Bore casing is a casing pipe inserted into a drilled bore to prevent it from collapsing. The casing is cemented to the borehole and aids in the drilling process. The size of the casing should be such that it will easily accommodate equipment needed to drill further. The most commonly used pipe casing material is polyvinyl chloride (PVC) because it is available in a variety of sizes and internal diameters depending on the requirement, and is cost effective. With the increasing use of trenchless technology for installing underground pipelines, casing plays an important role by way of stabilization of the borehole.

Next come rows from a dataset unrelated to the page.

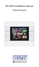 KP-4000 NETWORK KEYPAD In-Wall Installation Magnetic cover plate KP-4000 Two-Gang Wall Box 1. The KP-4000 installs in a standard two gang box. If in a retrofit installation, cut in and install a standard two gang p-ring or retro fit box (not included) into the wall. 2. Make connections for IR Out/RFTX-1, LAN, or Power Supply. For connections, refer to page 5. 3. Next, secure KP-4000 onto p-ring or retro fit box with the 4 included screws. 4.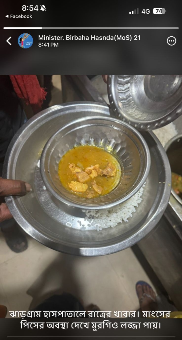 শুক্রবার নিজের হোয়াটসঅ্যাপ স্ট্যাটাসে (WhatsApp status) সরকারি হাসপাতালের রোগীদের দেওয়া খাবারের ছবি পোস্ট করেন। তাতে দেখা যাচ্ছে, একটি বড় বাটির মধ্যে ছোট য়েক টুকরো মাংস। ছবির ক্যাপশনে তিনি লেখেন, “ঝাড়গ্রাম হাসপাতালে রাতের খাবার! মাংসের পিসের অবস্থা দেখে মুরগিও লজ্জা পায়!”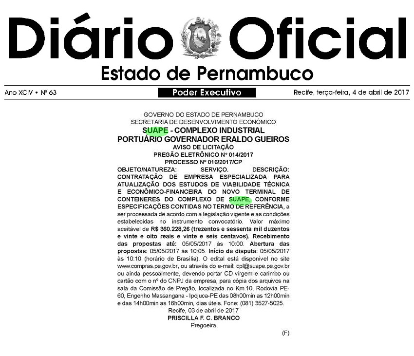 On April 4, 2017, Suape's administrative board released a bidding notice to upgrade Container Terminal 2 Technical and Economic Feasibility Studies (EVTEF). The winner of the bid shall have 90 days, extendable for an equal period of time, after the signing of the Authorization of Services to present such studies. The terms of reference and the bidding notice are available at www.compras.pe.gov.br. The studies will be developed in partnership with the Planning and Logistics Company (EPL), linked to the Federal Government's Partnership and Investment Program (PPI).. The winning bidder will have 90 days, extendable for an equal period of time, after the signing of the Service Authorization Order, to deliver the studies. The terms of reference and the public notice are available at the link www.compras.pe.gov.br. The studies will be developed in partnership with EPL (Logistics and Planning Enterprise), linked to the Federal Government's Partnerships and Investments Program (PPI).

Trenchlesspedia explains Bore Casing
Bore casing aids in the drilling process by helping in stabilizing the borehole, prevents contamination of freshwater in the vicinity, keeps the borehole aligned in the designed direction, and enables ease of access to drilling equipment for further drilling. Other materials such as steel, and fiberglass reinforced polyester (FRP) are also used as casing material. The casing is fixed to the borehole by inserting cement slurry into the annular space between the borehole and the casing. In horizontal auger boring (HAB) and microtunneling, the casing pipe is pushed into the bore using hydraulic jacks. In the process of pipe ramming an open ended steel casing is rammed into the soil and the dirt is removed from the entry point.